CS 106: Assignment 06

CS 106 Winter 2016

Assignment 06: Recursion

Due: Monday March 7th, 11:59pm (midnight, not noon!)

Starter code: A06.zip (for Question 2)

Question 1 Half-Hex

The Half-Hex tiling is a "reptile": it's a single shape that can be divided up into smaller copies of itself. Each of those copies can then be divided up, and so on. If you keep doing this, you can fill as large a region (e.g., a bathroom floor) as you want with copies of the original shape.

If we arbitrarily decree that the long side has length 100, the corners of the shape could be given coordinates as in the diagram below. Note that the long edge is exactly twice as long as the three short edges.

Create a Processing sketch that displays this tiling. When the sketch starts up, it should display a single large half-hex centred in the sketch window (scale it so that it takes up most of the width of the window). The sketch should have a single interactive feature: when the user presses the "-" (minus) key, decrease the number of recursive levels shown in the drawing, and when the user presses the "=" (equals) key, increase the number of levels. The screenshots below show Level 0 on the left and Level 4 on the right.

In terms of code, the sketch can be structured almost identically to the sample sketch Gasket1. The draw() function sets up a global geometric context to position the drawing, and then calls a recursive helper function. Depending on the current level of recursion (passed in to the function), the recursive function either just draws a single shape (in this case, a copy of the half-hex) or calls itself recursively inside a set of "child" geometric contexts. What you need to do, then, is figure out the four geometric contexts you need for the recursive calls that will place four small copies of the half-hex inside one large one.

I suggest the following approach. First, get Level 0 working: make sure that when the sketch starts, you can display a single large half-hex. Then work on Level 1 one shape at a time: figure out the geometric context you need to place the first small half-hex inside the large one, using the "-" and "=" keys to jump back and forth and verify that it's placed correctly. Do this until your four geometric contexts are all correct, and the fractal structure of the design will simply fall into place.

A few final notes:

You should use a sketch window of size 600×400.
At each recursive level, the tiles are exactly half as large as they were in the previous level.
Draw all tiles with black outlines. You can use any fill colours you want, and feel free to try to colour individual tiles differently, as long as the colours don't change every frame.

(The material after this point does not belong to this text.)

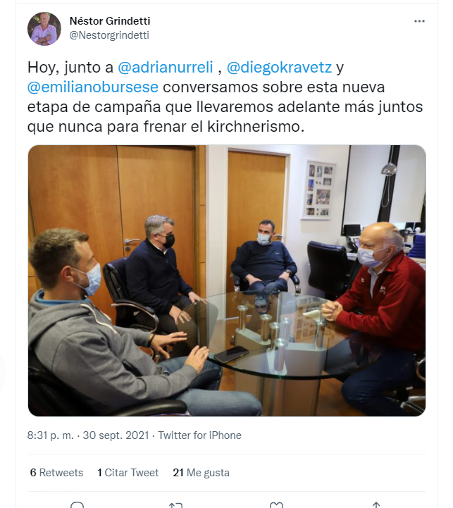 Néstor Grindetti es el intendente de Lanús y es, a la vez, el jefe de campaña de Juntos (ex Cambiemos, ex Juntos por el Cambio) en la provincia de Buenos Aires. AJá. Es lógico que, como se estile en estos casos, procure la foto de la unidad, para mostrar que el candidato derrotado acompañará al vencedor, que no hay heridos, que tirarán todos juntos del mismo carro, etc. Por eso llamó a Emiliano Bursese, quien encabezó la lista de la UCR, y se sacaron «la» foto. Acompañaron el jefe de gabinete de Lanús, Diego Kravetz, y el diputado provincial Adrián Urreli. Al que no se ve en la foto es a Damián Sala. ¿Se olvidaron de avisarle? ¿Se olvidaron de que existe? ¿Invitaron a su rival derrotado y no a él? Es curioso: en la esquina de Hipólito Yrigoyen y Piñeyro hay un cartel gigante, más que gigante, pluscuamgigante de Juntos. Allí aparecen Diego Santilli, Néstor Grindetti, Diego Kravetz y Adrián Urreli. ¿Y Sala? No, ahí tampoco está. Parece que ahí también se lo olvidaron. Extraño, ¿verdad?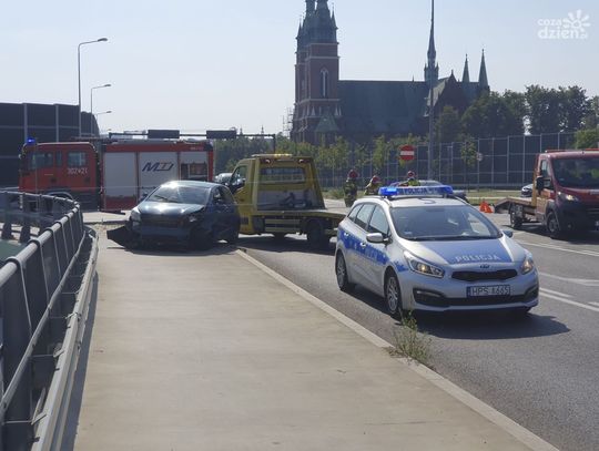 Kierująca Toyotą 34 - latka z urazem głowy i klatki piersiowej została zabrana do szpitala. Na miejscu pracują policyjni technicy. Zablokowany jest jeden pas ruchu. Utrudnienia potrwają do około godz. 11.30.

But it's fine if every tile is filled with the same colour.
In any given drawing, make sure every tile is drawn with the same line thickness. But it's fine if that thickness changes when you change the amount of recursion.
Feel free to experiment with other enhancements. An interesting experiment is to sometimes skip the recursive step with some small probability. That will give you an uneven tiling with half-hexes of different sizes. Just make sure there's a way to disable enhancements so that we can see the basic sketch working.

Submit a sketch named HalfHex.

Question 2 Menger Sponge

The Sierpinski Carpet is a 2D fractal shape created by dividing a square into nine smaller squares, removing the central square, and then repeating that process on each of the remaining eight squares. It is demonstrated by the Carpet sample sketch.

The 3D analogue of the Sierpinski Carpet is the Menger Sponge. You divide a cube into 27 smaller cubes, and remove the seven cubes that make up the central 3D cross. Then you repeat the process on each of the 20 remaining cubes.

Create a sketch that draws the Menger Sponge to a specified number of recursive levels. As in the previous question, the "-" and "=" keys should be used to decrease and increase the number of levels, interactively showing a more or less fractally shape.

This sketch can be written more or less directly from the following two main pieces:

The Sponge sketch provided in the starter code. As given, the sketch just draws a cube, but it also sets up a PeasyCam to allow manipulation of the camera, and adds a couple of lights to make the cube's faces different colours.
The Carpet sample sketch in Module 07. That sketch gives you a great approach to making the 3D version. Just define an array of booleans, this time of length 3×3×3 = 27, saying which cubes are part of the fractal and which ones aren't. Then, at a given recursive level, use three nested for loops (as in the GridOfSpheres sample sketch in Module 06) to walk over all 27 sub-cubes, and do a recursive calls on the ones specified as true in the array. If that's confusing, study the code for Carpet until the approach makes sense. You definitely shouldn't have a recursive function containing 20 copies of the code that creates a geometric context and makes a recursive code—too much typing!

Save your solution in a sketch titled Sponge.

Submission

Remember to review the Code Style Guide and use Processing's built-in auto format tool. Then review the How To Submit document. At the top of all of your source files, be sure to include a comment with your name and student ID number. When you're ready, zip both of the sketches created above (HalfHex and Sponge) into a single archive called A06.zip and upload that file to LEARN.